In practice, WhatsApp is actually much more secure than most of the things
that people trust with their privacy, and this is certainly true for the
people against whom most people are specifically attempting to protect their
private things from being taken by.

As an example: let's say that an ex-girlfriend of mine decided to stalk me.
She can either 1) use a pair of pliers and steal my physical mail, 2) guess a
poorly-chosen four-digit PIN number and access my voicemail, or 3) guess my
14-digit IMEI (Android; alternatively, 160-bit UDID on iPhone) and access my
WhatsApp account.

In actuality, then, WhatsApp is one of the most secure things I might
currently be using to protect my privacy from these kinds of other users.
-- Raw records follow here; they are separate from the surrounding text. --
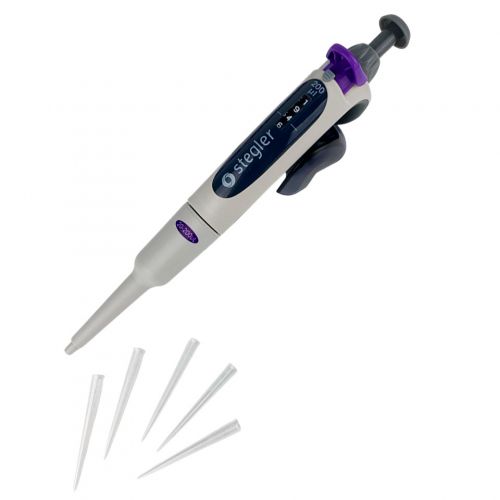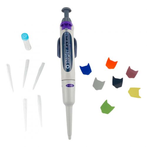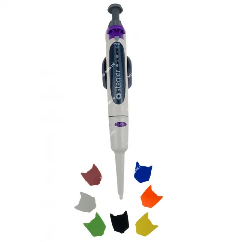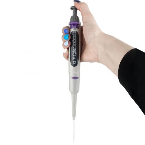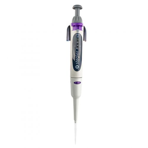 Stegler SVA-1-20-200 — это одноканальный пипеточный механический дозатор с переменным объёмом дозирования. Он работает по принципу воздушной подушки: отмеряемая жидкость всасывается в одноразовый наконечник, предварительно одетый на дозатор, не соприкасаясь свалом или плунжером дозатора.
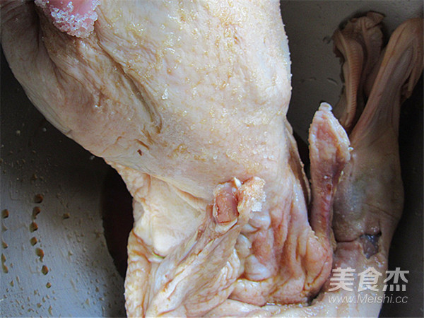 將買來的鴨子宰殺后洗凈,控一控表面多余的水分
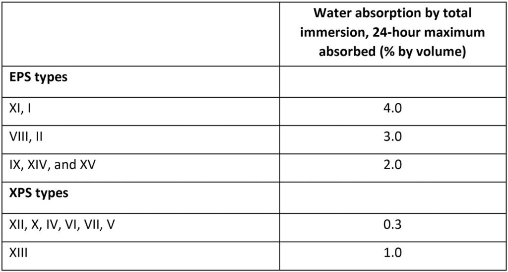 Table 1. Water absorption for various “EPS types” and “XPS types” of rigid, cellular polystyrene insulation.
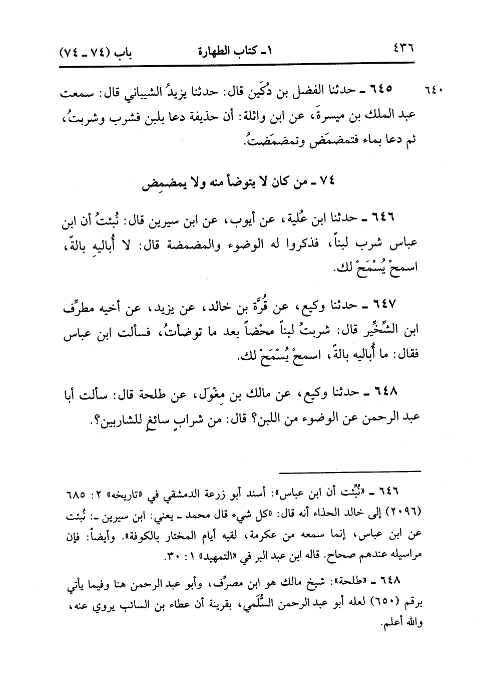648- حَدَّثَنَا وَكِيعٌ ، عَنْ مَالِكِ بْنِ مِغْوَلٍ ، عَنْ طَلْحَةَ ، قَالَ : سَأَلْتُ أَبَا عَبْدِ الرَّحْمَنِ عَنِ الْوُضُوءِ مِنَ اللَّبَنِ ؟ قَالَ : مِنْ شَرَابٍ سَائِغٍ لِلشَّارِبِينَ ؟. (1/58).
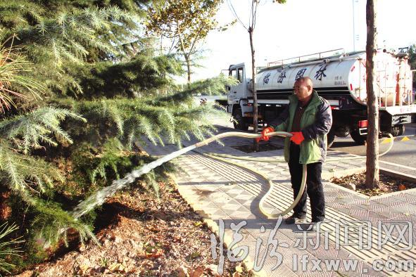 臨汾新聞網訊 連日來,市城市綠化二隊出動灑水車,開啟澆水泵,搶抓時間,對轄區內所有綠化苗木開展冬澆,確保所有綠化苗木在上凍前能夠吸取更多養分,順利過冬。圖為綠化人員正在給樹林澆水。 記者 李嬌 攝
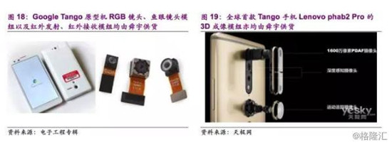 公司在3D成像領(lǐng)域先發(fā)優(yōu)勢顯著,技術(shù)布局深遠,且在TOF、散斑結(jié)構(gòu)光、編碼結(jié)構(gòu)光三大主流方案均具備量產(chǎn)經(jīng)驗。目前業(yè)界量產(chǎn)3D成像產(chǎn)品模組基本由舜宇供貨,包括Google Tango原型機、Lenovo phab2 Pro等等。
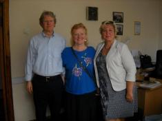 Джоан Волш: - Мне показалось, что эти студенты все же больше мотивированы, более старательны, но они обычно и взрослее, чем школьники. Относительно преподавателей – они действительно компетентные и настроены на достижение успеха в деле преподавания иностранных языков. Кроме Чернигова мы побывали в школе городка Седнев - она нас поразила: очень красивая, комфортная, просторная. Нас встретил директор, провел экскурсию, и мы также имели возможность осмотреть этот город. Там очень интересные достопримечательности архитектуры, живописные пейзажи.
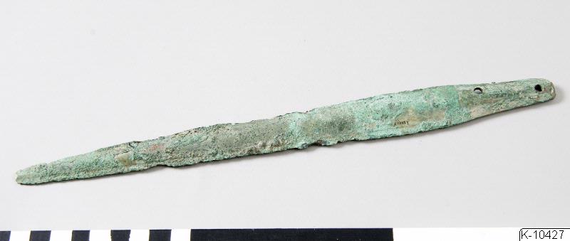 • Lansspets. Tånge med två nithål. Mycket ärgig.
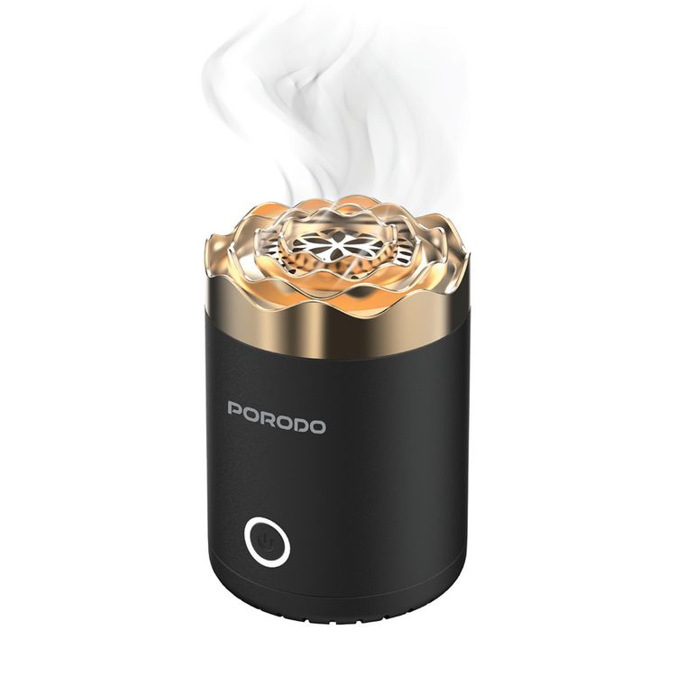 Porodo Rose Mini Incense Burner with 90 Seconds Auto-Off, 1800mAh Battery Capacity, Type-C Charging Port,×15 Full Burning Session Working Time, 1 Hour Charging Time, Whisper-Quiet Operation - Black

I
can easily see someone saying "so, should I care?" about this particular
vulnerability.

Of course, for someone else, that might not be the case: if you use WhatsApp
for something much more sensitive than I might, or you are attempting to
protect yourself from a much more sophisticated attacker than most people are
(example: most people really and honestly don't care that a large faceless
corporation knows you hated your sister's cheesecake), then you probably do
(and certainly should) care.

------
melvinmt
I guess many people still think they're sending out text messages while
they're using iMessage which may the reason why they've been reluctant to use
it as much as WhatsApp (they think they're getting charged for every message).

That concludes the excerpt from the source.